As we embark on the 11th year of the October Transport Month campaign, we are guided by the ANC’s ‘Ready to Govern’ policy guidelines ‘to develop a sustainable economy and state infrastructure that will progressively improve the quality of life of all South Africans.’ As strongly capture in the ANC Ready to Govern document, ‘we believe that indeed the development of the economy will, in turn, provide the basis for overcoming the divisions of the past without creating new ones’.

We therefore believe that our Campaign has indeed proven to be a catalyst in achieving transport service delivery by moving SA’s economy and society forward. It is therefore befitting that the theme for this year is “Together We Move South Africa Forward”.

But the question that is often asked is, why does the ANC government embark on this campaign? The main focus for the government is very clear - the transport networks are central to the country’s economy and vital to business and people’s day-to-day lives. This is a golden thread that weaves together the latest thinking on the transport strategic choices that are before us.

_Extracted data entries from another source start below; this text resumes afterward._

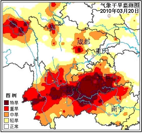 3月16日,云南省氣象局稱,該省干旱為:秋、冬、春連旱,全省綜合氣象干旱重現(xiàn)期為80年以上一遇,其中滇中、滇東、滇西東部的大部地區(qū)為100年以上一遇。據(jù)了解,旱災已經造成云南省3000多萬畝農作物受災。3月,受災人數(shù)已超越700萬人。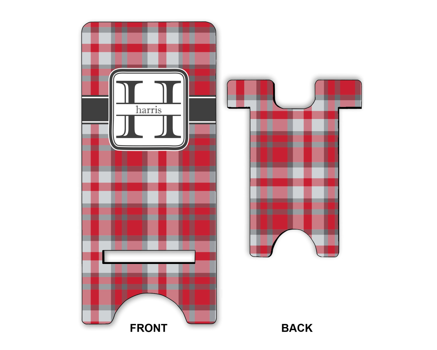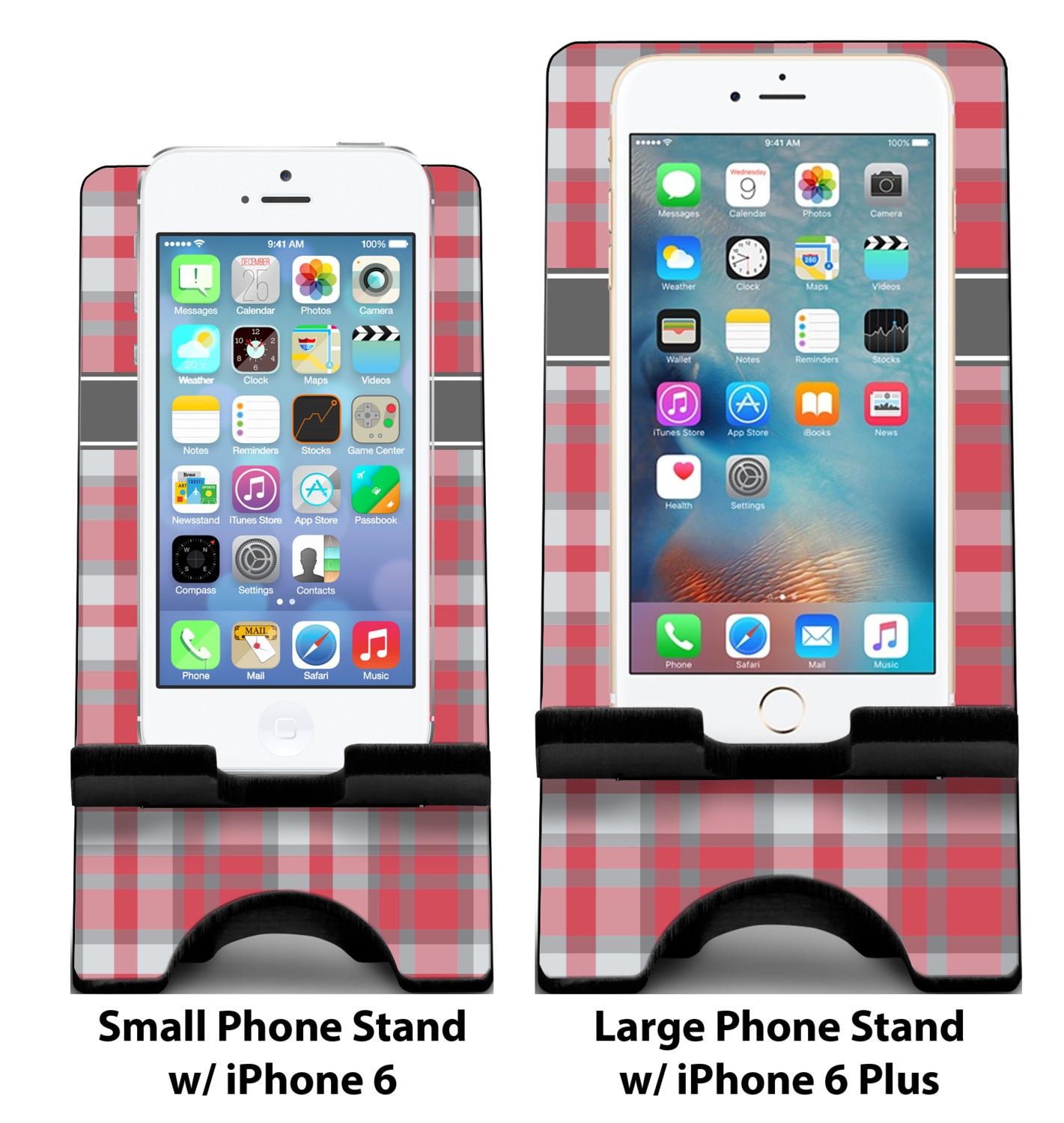 To meet your needs, we offer four variations of this IPhone stand. The backboard of the first version is shaped as a plain, yet sleek rectangle, and is available in two sizes. Our smaller size is approximately 4 by 3.25 by 7 inches, while the larger model is 4 by 3.77 by 8.5 inches. Alongside this model, we also provide you with a more decorative option. The upper part of our second version features a curved edge, for a classy, suave appearance. This phone holder is also sold in two sizes: a smaller version, which is 4 by 3.25 by 7 inches, and our larger model, which is 4 by 3.77 by 8.5 inches. Both models will support large phones, but the larger model is better if you wish to proudly display your personalized design.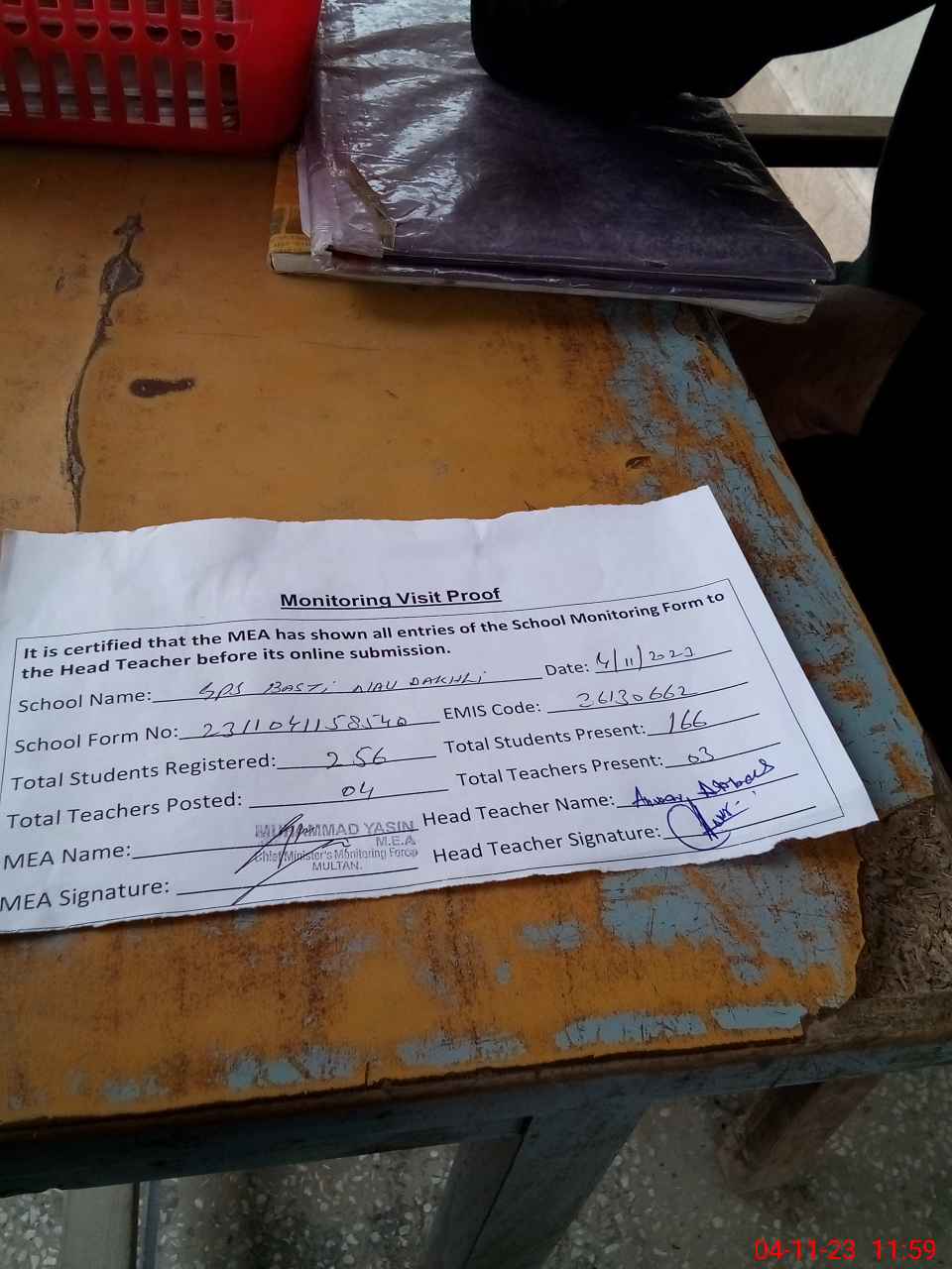 | Attendance Register | Head Teacher | MEA with School | Visit Proof |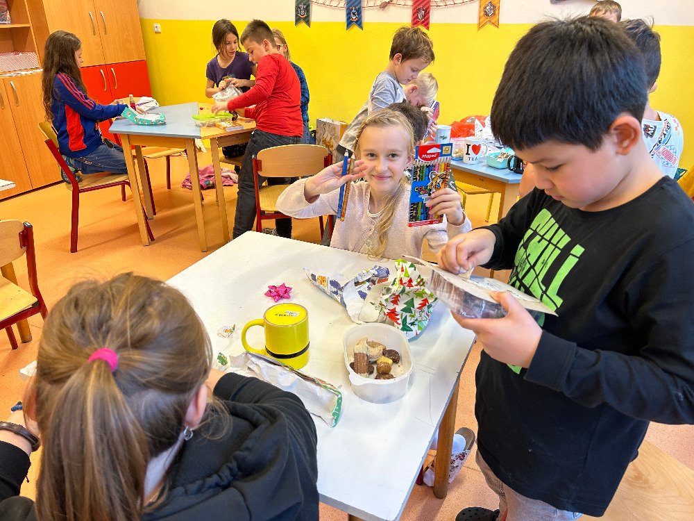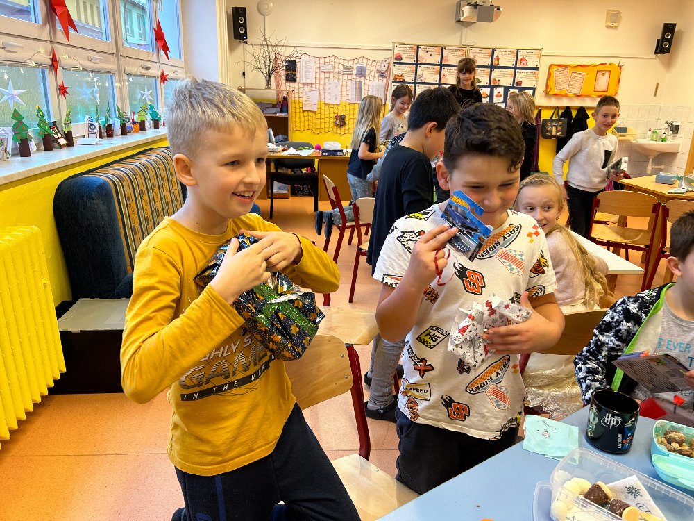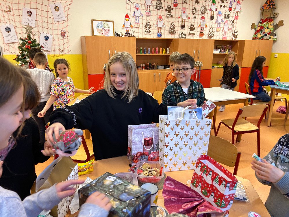 V prosinci jsme se s dětmi v družině věnovali přípravám na Vánoce. Vyzdobili jsme družinu, ozdobili stromeček a společně si užívali předvánoční čas. Vyráběli jsme vánoční dekorace a obrázky, luštili kvízy. Dále jsme si připomněli vánoční tradice a zvyky, které se dodržují u nás a ve světě. Dne 21. 12. se uskutečnila vánoční besídka. Pod stromečkem na děti čekaly dárečky, které si navzájem přinesly. Po družině se rozléhal smích a nadšení z dárků. Po rozbalení dárečků jsme si pochutnali na cukroví, přiťukli si čajem a zazpívali si koledy.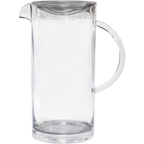 Attractive design jug with handle. Clear polycarbonate. Virtually unbreakable. Passes US FDA & EU food contact tests. Not microwave safe. Top rack dishwasher safe. Suitable for hot liquid. Volume: 2 litres. Diameter: 115mm. Height: 250mm.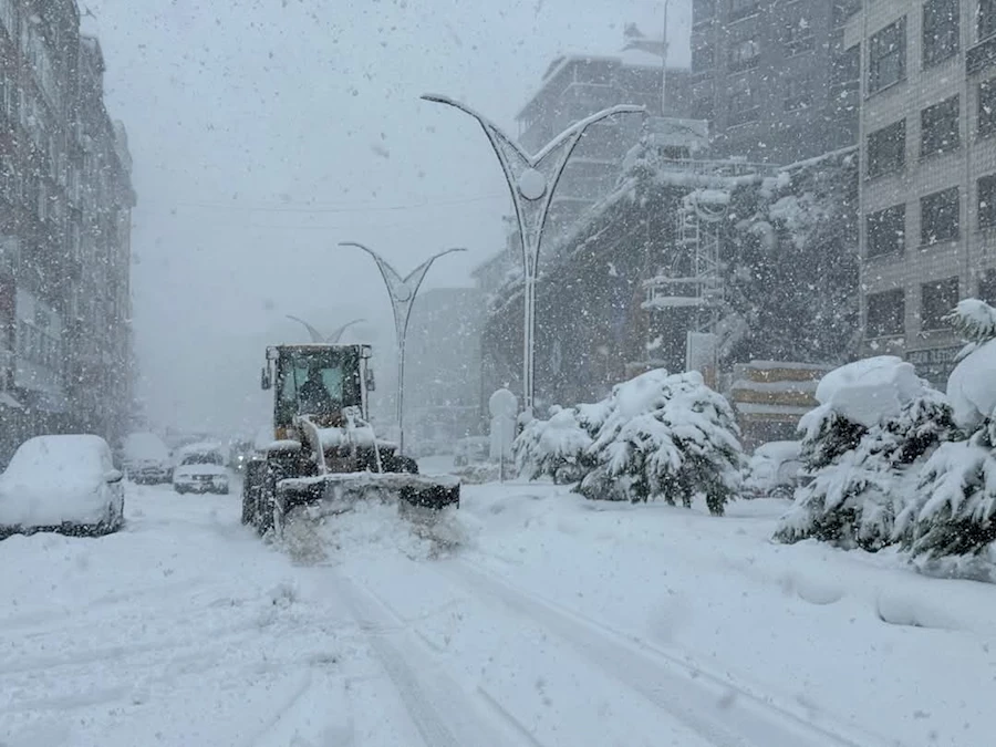 Yoğun kar yağışının hayatı olumsuz etkilediği ilçede, belediye ekiplerinin sahada çalışmalarını sürdürdüğü bildirildi.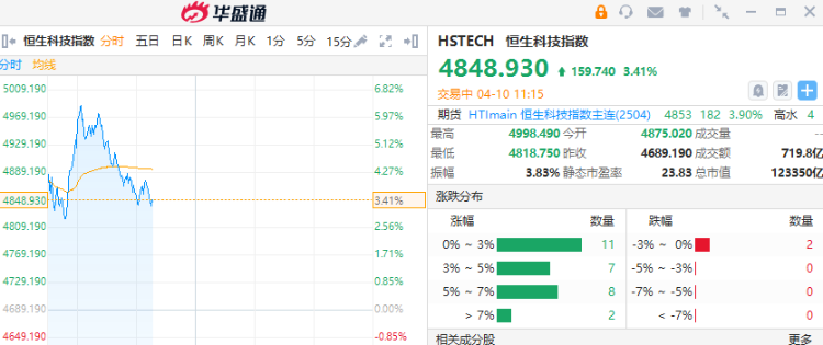 4月10日早盘,港股三大指数集体高开,恒生指数涨3.42%,报20953.12点,恒生科技指数涨4.35%。开盘后,恒生科技指数涨幅持续扩大,一度涨超6%。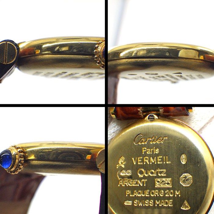 カルティエ Cartier 腕時計 マスト ヴァンドーム SM 590003 ヴェルメイユ ストライプ スリー 文字盤 GP SV925 ブラウン リザード レザーベルト クオーツアナログ

The vision to demonstrate major investments and delivery on transport infrastructure and services has therefore been a major factor why Government embark on this initiative. The campaign has brought unprecedented levels of success in showcasing transport achievements. It has brought together all spheres of Government as well as the transport industry to support the growth and improvement of transport networks across the country. But most importantly it has brought service delivery.

This year’s Campaign is no different. It continues to demonstrate transport achievements of the past and current financial years. All spheres of government and transport public entities champion it. The focus is once again to demonstrate ANC government’s service delivery and footprint in its investments in all modes of transportation.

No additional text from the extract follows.